As a rule, for ANZ’s BlueNotes, which is positioned as a thought leadership publication and for which I am the publisher, we pay $1.20 a word for traditional, long form journalism. Such journalism is not all we need though – we also want infographics, chart essays, lists, photography and video, which all needs to be appropriately remunerated.

The important thing here is that as companies seek to establish more digital publications with great content that engages audiences and drives great conversations, we have to think carefully about what genuine collaboration looks like.

This is not just about paying people reasonably; it’s in our self-interest. Although we are playing a very different role to traditional media, we also need skilled, trained journalists, photographers, illustrators and video producers who want to collaborate with us and produce quality content. 

I have worked with journalists for more than 30 years and I have several great journalists working on my team including the Managing Editor of BlueNotes Andrew Cornell and the head of social and digital media Amanda Gome. And if part of the future of journalism is corporate, companies need to play their role in supporting the profession in a sustainable way.

And again, there is a commercial imperative for this: if we are going to engage an audience, our content needs to be compelling. If it is going to be compelling, there needs to be a population of quality content creators like journalists and photographers and designers. And they need to make a living.

At ANZ, across our business divisions, we have existing, strong relationships with content producers and overwhelmingly our interest is in having mutually beneficial arrangements – which in reality usually means journalists tell us their rates. But the issue with Tracey is a reminder for all corporates involved in content creation that we need to be paying journalists appropriately for their craft whether we are working with them directly or through third parties like The Guardian.  

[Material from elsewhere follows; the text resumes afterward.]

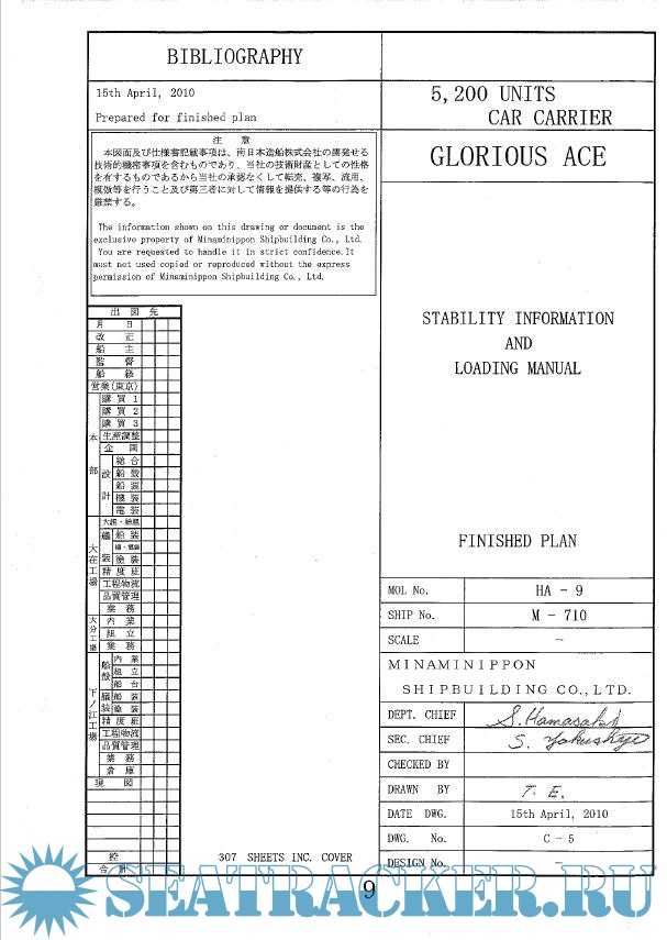 Description: Stability information and loading manual for PCC (car carrier) Glorious Ace, built in 2010 and being managed by MOL.

Companies need to build new partnerships to work successfully in the collaboration economy. While new technology platforms facilitate collaboration, at its heart the collaborative economy relies on trust and the individual reputations of all parties – whether that’s guests and property owners in AirBnB or journalists and companies in corporate publishing.

By creating sustainable ways of working with content creators we are going to support a pool of talented journalists and creative specialists for corporate publishers to draw from. This issue becomes increasingly important as traditional roles for journalists, such as newspapers like mX, close or shrink and the future of the profession tilts toward new corporate users of content.

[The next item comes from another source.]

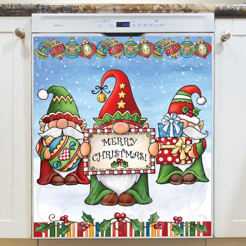 Enhance your kitchen effortlessly with this stunning Cute Christmas Gnomes Magnetic Dishwasher Door Cover! Keep in mind that while this cover works with most dishwashers, some stainless steel and plastic doors might not hold magnets. There are two types of stainless steel: one that attracts magnets well and another that does not, and plastic doors will definitely not work with magnets. So, it is a good idea to test the surface with a magnet before making a purchase. If your dishwasher door is not compatible, consider opting for the Removable Dishwasher Door Sticker instead. Your glamorized kitchen will be ready for the season in no time! Keep in mind that this magnetic cover is versatile and can be used on a variety of appliances, including fridges, freezers, washers, dryers, and more!

The shifts being created by social, digital and mobile are challenging for all of us working in the collaboration economy - for companies, agencies, publishers and journalists. If we are serious as corporates about publishing compelling journalism, we must recognise that requires talented journalists with the resources to produce it. We do see increasingly good journalism from corporates – and remember Kurt Vonnegut wrote for GE Reports – but if we step back, such quality is independent of the nature of the publisher but far from independent of the quality of the journalist or photographer or graphic artist or film maker.

While I accept this kind of pragmatic discussion on the future of journalism may antagonise media purists, many journalists previously employed by traditional media organisations want to continue their careers and working with companies in a freelance capacity is a natural (and necessary) step for many. 

Given these shifts, we do need to have a more transparent and realistic conversation about how journalists and corporate publishers are going to work together and how journalists are going to be appropriately rewarded for their craft.

The views and opinions expressed in this communication are those of the author and may not necessarily state or reflect those of ANZ.